Hi, we disable the superresolution module in our training script by using the argument --use_sr_module False.
The problem has been solved,thank you so much. And I find the gpu memory is fluctuating from 7000mb to 23000mb,it's the first time I saw such drastic fluctuations in gpu memory during training, it should generally stable at a certain value,is it normal in sherf training? The total memory of 3090 is 24000mb,so I am afraid this will cause OOM problem during training,should I decrease the batch or workers?now I'm using two 3090 and set batch=2,workers=2.
But when I train the model on renderpeople dataset,I encountered CUDA out of memory. I use one 3090,and set batch=1,workers=0
Hi, thanks for reporting the issue. We did not observe the CUDA out of memory issue in V100. I think possible solutions are to decrease the number of samples in a ray or further decrease chunk size in line 355 of file in sherf/training/volumetric_rendering/renderer.py.
Thanks for replying.And when I validating the model on zjumocap,I found the image in CoreVIew_313 and CoreView_315 can not be read,the image'name is like:CoreView_313Camera(1)_1441_2019-08-23_16-09-37.378.jpg,but the network can't read and get the error: FileNotFoundError: No such file: '/media/data4/zju_mocap/CoreView_313/Camera (1)/0001.jpg'
Hi, I have checked the zju_mocap data set and find this file do exist in the directory. Could you have a further check? If you have further questions, please let me know.

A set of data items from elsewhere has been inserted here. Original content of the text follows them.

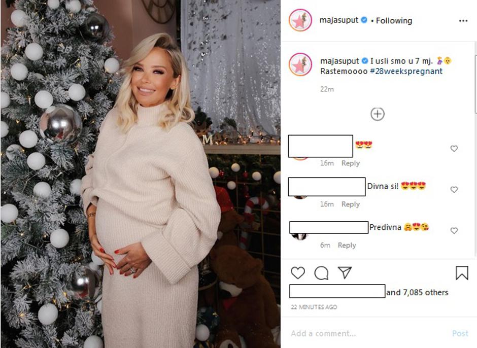 - I ušli smo u 7. mj. Rastemoooo! #28weekspregnant -napisala je Maja u opisu fotografije na kojoj u pripijenoj končanoj haljini pozira uz božićno drvce.
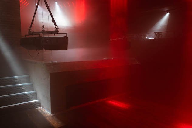“We cast the concrete on-site, so it has a very rough and industrial look, like a mini bunker, very brutalist, It’s big enough to have a live act inside, and there are steps on both sides where you can dance or you can even go behind and dance onstage. I think it’s a very inclusive way of having a dance floor.”
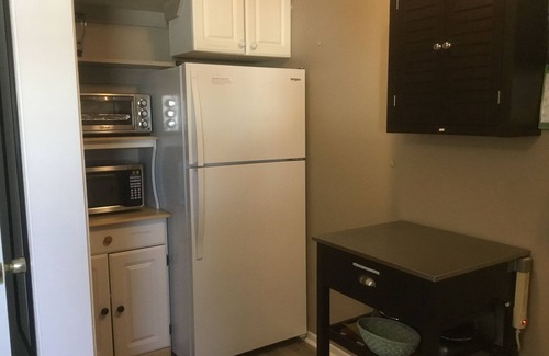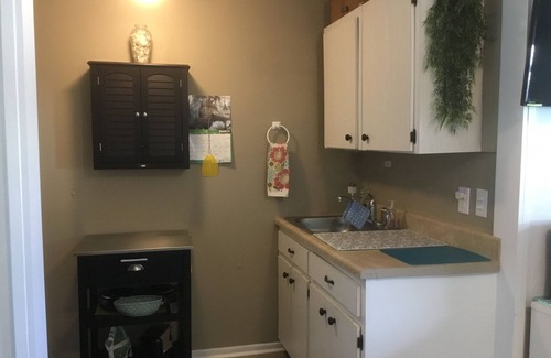 Private entrance and your own driveway and parking. Entrance to the unit is at the back of the house. Large room with recliner loveseat, 40” TV, Queen size bed, table and chairs, twin burner, microwave, blender, coffee pot, toaster oven, tea kettle, sink and full refrigerator. Bathroom has a walk in shower. Outside has a table and chairs. You are welcome to enjoy a fire pit upon request: roast a marshmallow or hot dog. You are also welcome to use the gas grill upon request to enjoy a good steak or whatever is your pleasure.
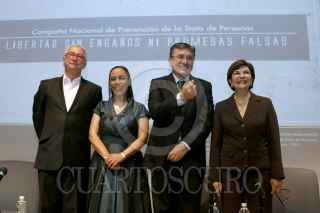 MÉXICO, D.F., 05OCTUBRE2015.- Luis Raúl González Pérez, presidente de la CNDH; la senadora Angélica de la Peña y el conductor del canal del Congreso Javier Solórzano, presentaron la Campaña Nacional de Prevención de la Trata de Personas “Libertad sin engaños ni promesas falsas”, que tuvo como sede el Museo de Memoria y Tolerancia. Mediante dicha campaña, se busca visibilizar la realidad y gravedad de este delito, generar conciencia y contribuir a su prevención. En especial, pretende advertir a las adolescentes y mujeres sobre las formas de captación que utilizan los tratantes, entre ellas la seducción, invitándolas a informarse y a cuidarse. Se hará hincapié, también, en el papel que juega la demanda de servicios y productos realizados bajo explotación. FOTO: CNDH /CUARTOSCURO.COM
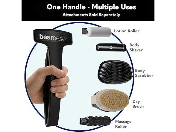 - NOT JUST A SCRATCHER - A SELF-CARE SYSTEM: Swap the scratcher head for Bearback attachments like a lotion applicator, dry brush, body scrubber, massager, or even shaving cartridges! One handle, endless feel-good self-care options.
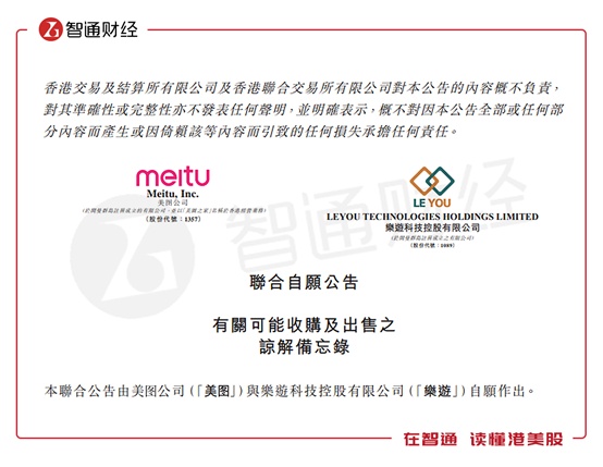 早在2019年年初,乐游科技就曾与美图公司订立过收购事项的谅解备忘录。智通财经APP了解到,乐游科技于2019年1月28日对外发布公告称,美图将按全面摊薄基准向乐游科技配发及增发最多约20%的普通股股份,用以收购乐游科技旗下全资子公司 Dreamscape Horizon Limited 30% 股份。不过公司在之后的4月24日公告表示,因交易议案未在美图股东大会上获通过,因此与美图的交易正式告吹。
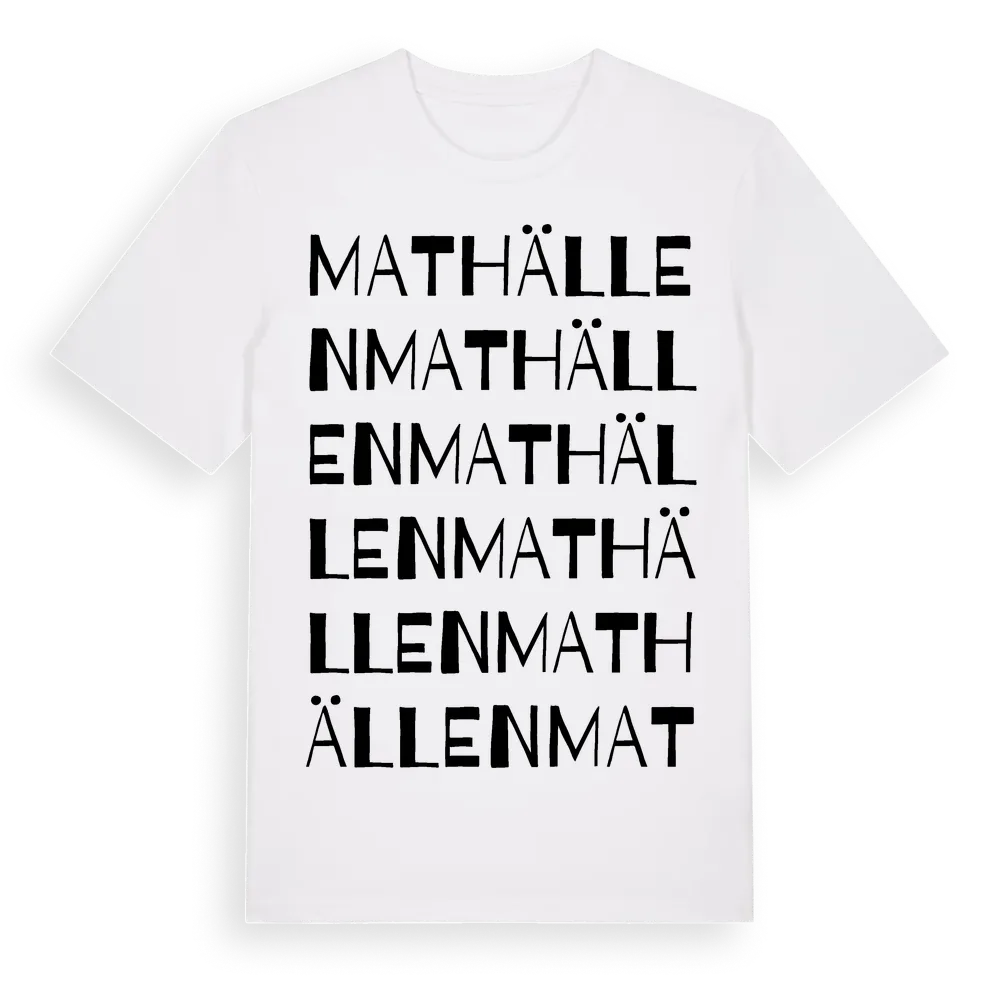 Mathällen ordlek t-shirt är inspirerad av Mathällen i Västmanlands län, Sverige. Tröjan är designad för dig som har en speciell koppling till platsen – oavsett om du bor här, har rötterna här eller bara älskar Mathällen.
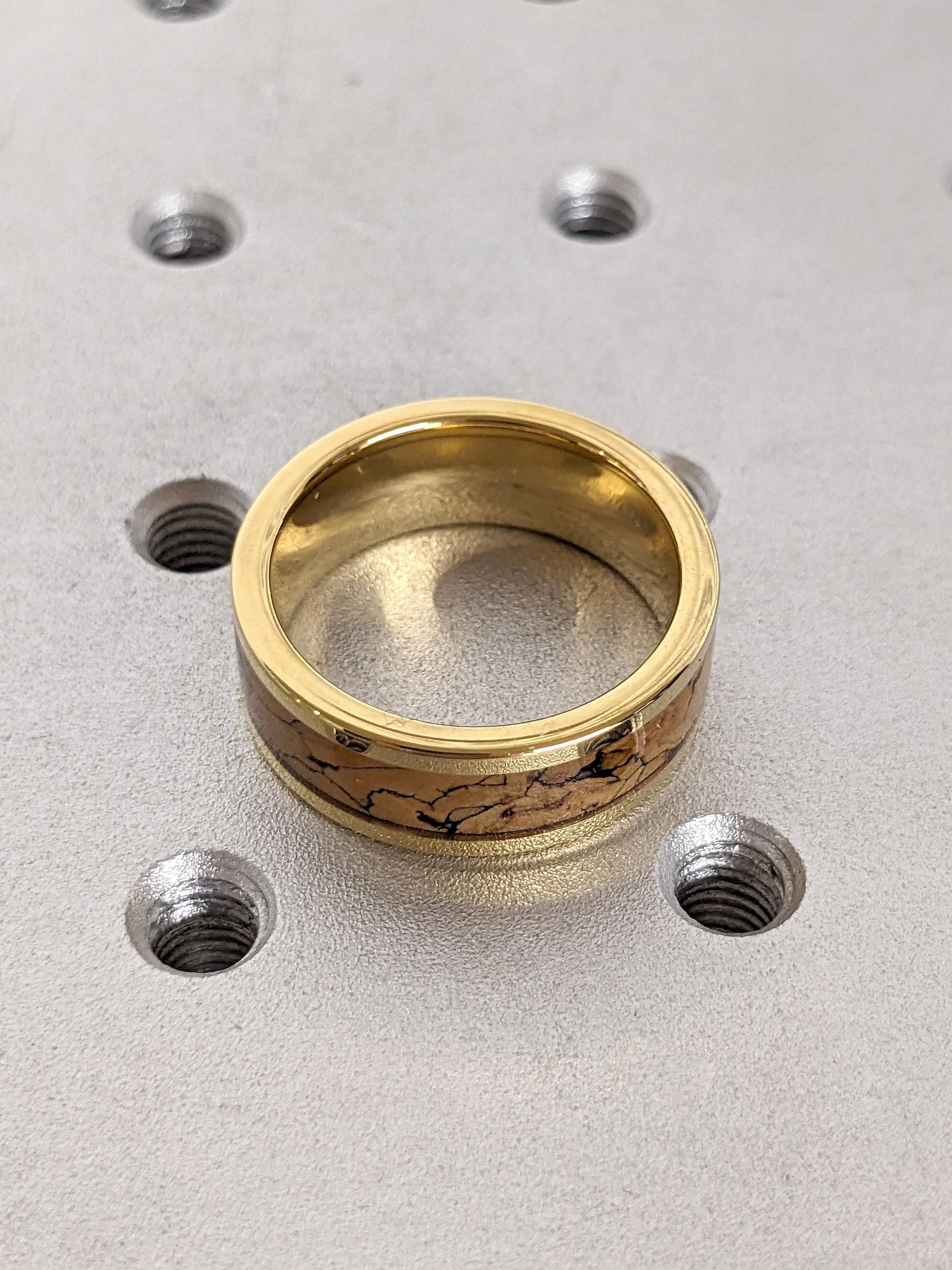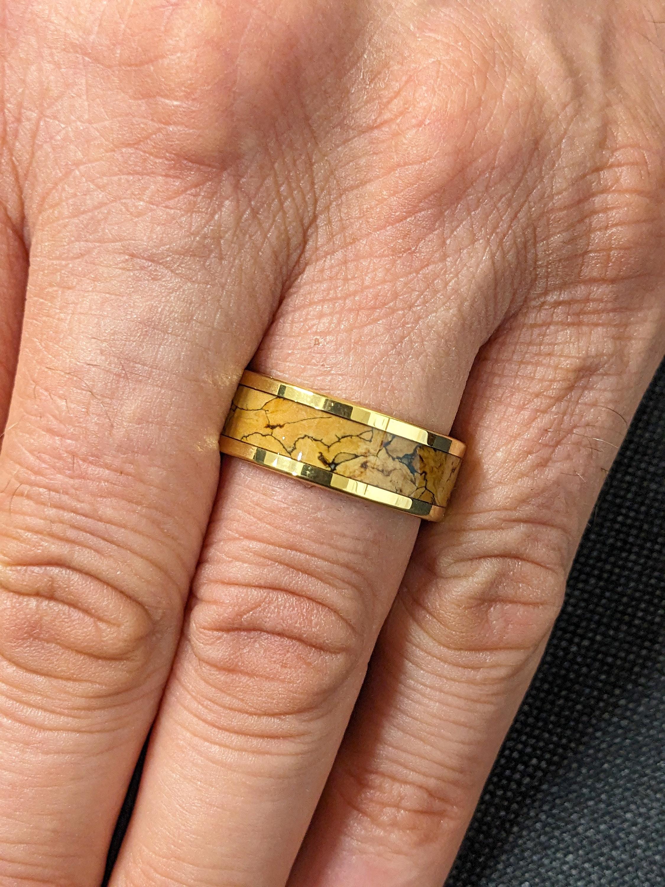 Bold and distinctive, this 8mm yellow gold plated tungsten ring stands out with its striking man-made dinosaur bone inlay pattern — a modern interpretation of prehistoric texture and timeless strength. The polished shiny finish adds a sleek, masculine edge, while the tungsten carbide construction ensures lasting durability and scratch resistance. Designed for comfort and individuality, this ring makes a powerful statement for the modern man who values both character and craftsmanship.
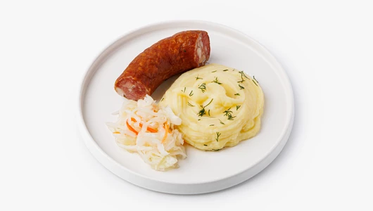 Простое и аппетитное блюдо в традициях сибирской кухни. Мы приготовили толчёную картошку со сливочным маслом так, как это делали наши бабушки. Гарнир дополняет сочная свиная колбаска-каралька с лёгкими нотами чеснока и перца. Квашеная капуста на растительном масле вносит яркую кислинку, а свежий укроп придаёт аромат и свежесть. Такой обед легко собрать на одной тарелке, разогреть и почувствовать теплоту и заботу, с которой он был приготовлен.
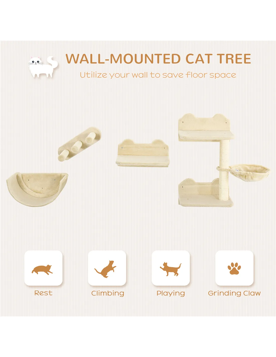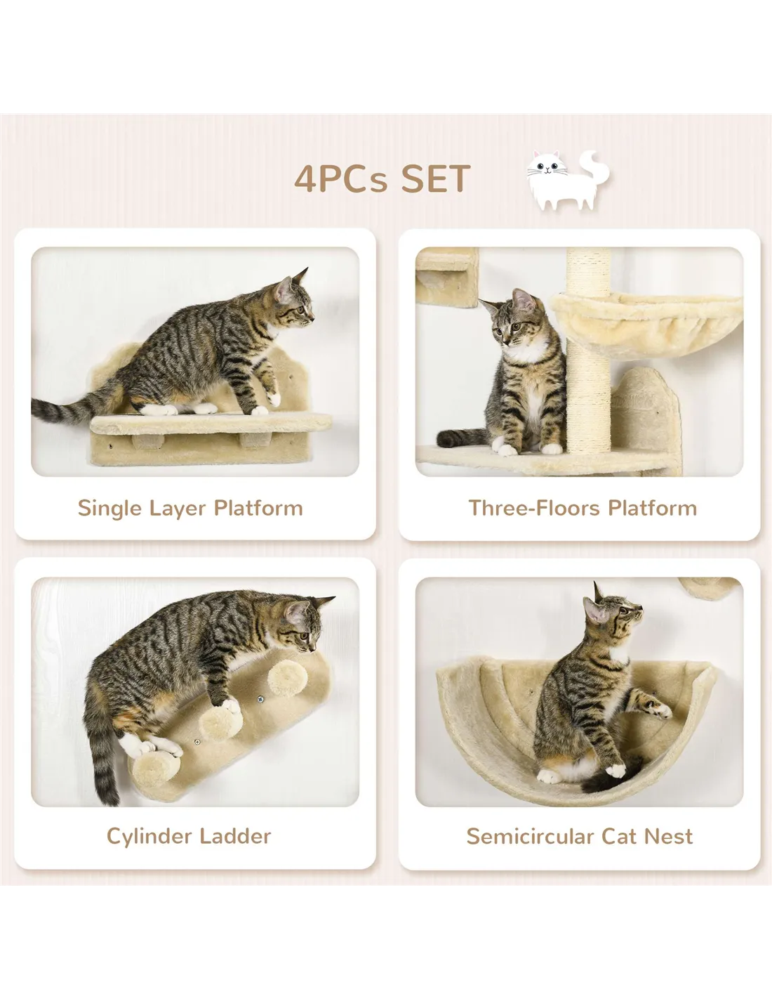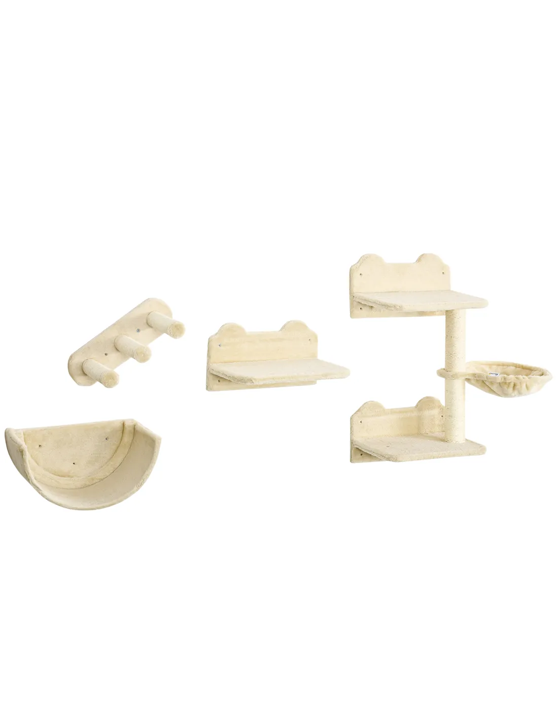 PawHut 4PCs Wall-Mounted Cat Shelves w/ Scratching Post, Hammock, Nest - Beige

But when I train the model on renderpeople dataset,I encountered CUDA out of memory. I use one 3090,and set batch=1,workers=0
I have the same problem, and i have tried to decrease chunk size even to 50000, but it seems helpless.
Hi, thanks for letting me know. Maybe one possible reason is due to that V100 has large GPU memory than 3090. In our implementation, we render the whole image. One possible solution is to calculate the loss on patches. I will provide a training recipe with patch-level loss soon. Or you can implement it by modifying the sampling function.
@yejr0229 Hi I meet the same problem as you fatal error: cuda_runtime_api.h: No such file or directory Could you please tell me how to solve this?
Thank you for your great work.I follow your install instruction,and use one RTX 3090 for training,but I encounter this error:
In file included from /home/yejr/.cache/torch_extensions/py38_cu113/bias_act_plugin/b46266ff65f9fa53c32108953a1c6f16-nvidia-geforce-rtx-3090/bias_act.cpp:14:0: /home/user/miniconda3/envs/sherf/lib/python3.8/site-packages/torch/include/ATen/cuda/CUDAContext.h:5:10: fatal error: cuda_runtime_api.h: No such file or directory
include
compilation terminated. ninja: build stopped: subcommand failed.
can you help me deal with it?